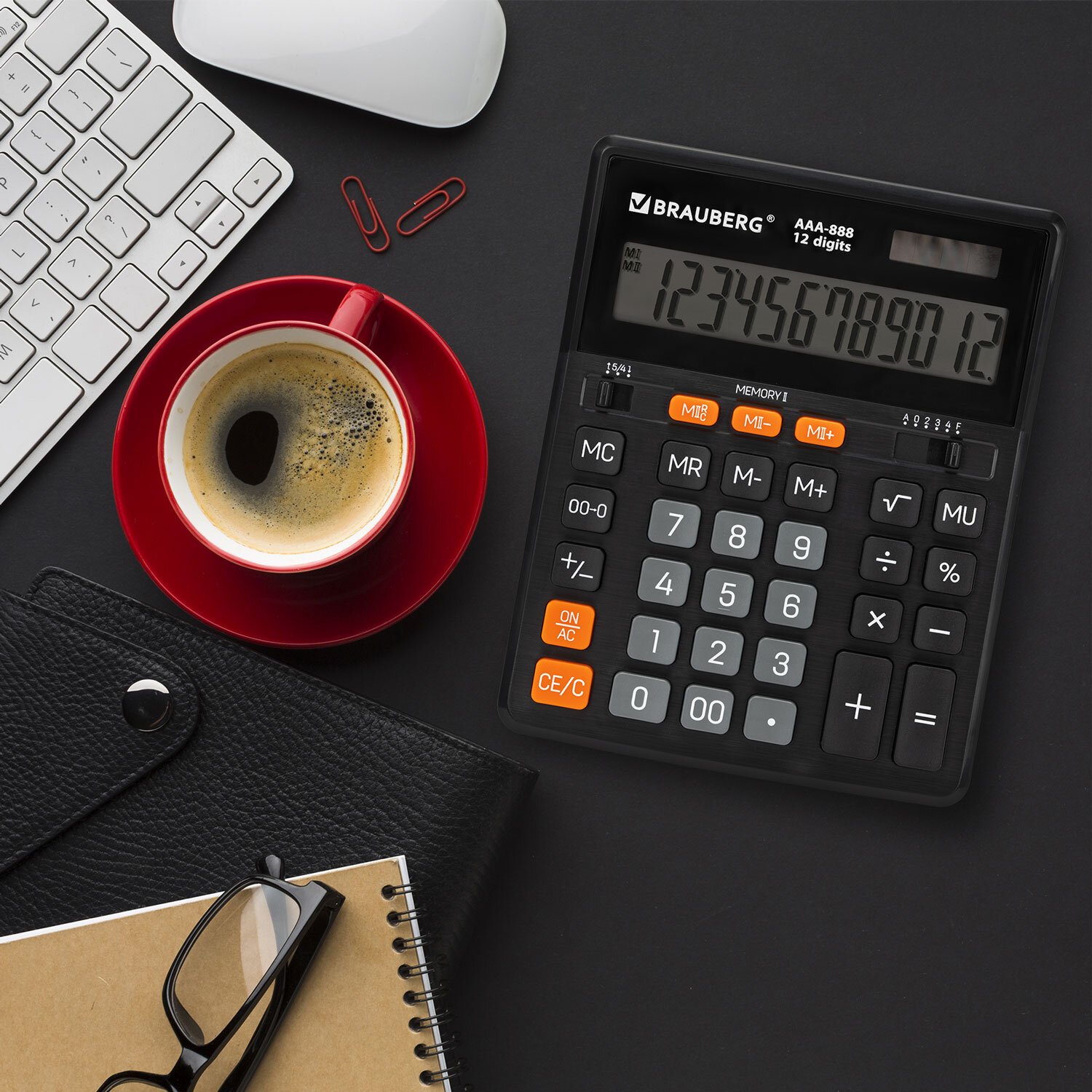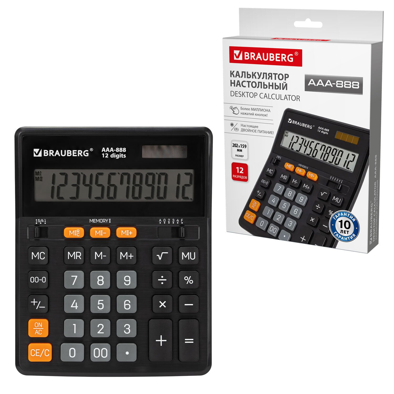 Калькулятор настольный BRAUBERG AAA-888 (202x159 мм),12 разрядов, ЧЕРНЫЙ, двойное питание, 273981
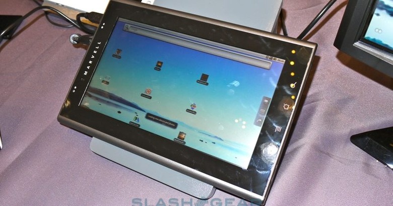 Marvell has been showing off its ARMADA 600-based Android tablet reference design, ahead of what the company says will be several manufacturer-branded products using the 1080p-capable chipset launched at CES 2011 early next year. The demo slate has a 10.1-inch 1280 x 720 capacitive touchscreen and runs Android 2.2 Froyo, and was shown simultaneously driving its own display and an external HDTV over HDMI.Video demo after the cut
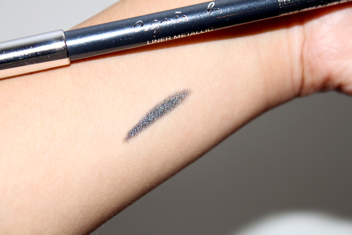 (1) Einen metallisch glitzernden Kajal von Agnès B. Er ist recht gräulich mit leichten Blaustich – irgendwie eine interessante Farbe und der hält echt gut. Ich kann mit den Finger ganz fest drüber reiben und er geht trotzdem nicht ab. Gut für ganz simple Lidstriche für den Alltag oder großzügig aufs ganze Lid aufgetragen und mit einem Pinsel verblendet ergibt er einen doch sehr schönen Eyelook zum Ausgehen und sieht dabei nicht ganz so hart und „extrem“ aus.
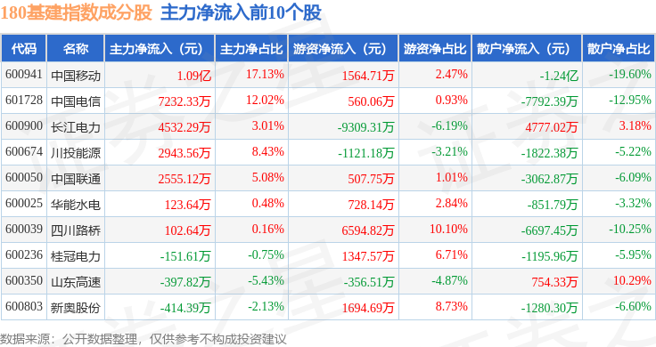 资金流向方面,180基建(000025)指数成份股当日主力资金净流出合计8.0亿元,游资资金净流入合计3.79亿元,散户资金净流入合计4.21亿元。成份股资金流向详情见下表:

What you will do. Exactly as written, copy out the listing, but without any pictures.

Output for this exercise.
 Калькулятор настольный BRAUBERG AAA-888 (202x159 мм),12 разрядов, ЧЕРНЫЙ, двойное питание, 273981
 Marvell has been showing off its ARMADA 600-based Android tablet reference design, ahead of what the company says will be several manufacturer-branded products using the 1080p-capable chipset launched at CES 2011 early next year. The demo slate has a 10.1-inch 1280 x 720 capacitive touchscreen and runs Android 2.2 Froyo, and was shown simultaneously driving its own display and an external HDTV over HDMI.Video demo after the cut
 (1) Einen metallisch glitzernden Kajal von Agnès B. Er ist recht gräulich mit leichten Blaustich – irgendwie eine interessante Farbe und der hält echt gut. Ich kann mit den Finger ganz fest drüber reiben und er geht trotzdem nicht ab. Gut für ganz simple Lidstriche für den Alltag oder großzügig aufs ganze Lid aufgetragen und mit einem Pinsel verblendet ergibt er einen doch sehr schönen Eyelook zum Ausgehen und sieht dabei nicht ganz so hart und „extrem“ aus.
 资金流向方面,180基建(000025)指数成份股当日主力资金净流出合计8.0亿元,游资资金净流入合计3.79亿元,散户资金净流入合计4.21亿元。成份股资金流向详情见下表:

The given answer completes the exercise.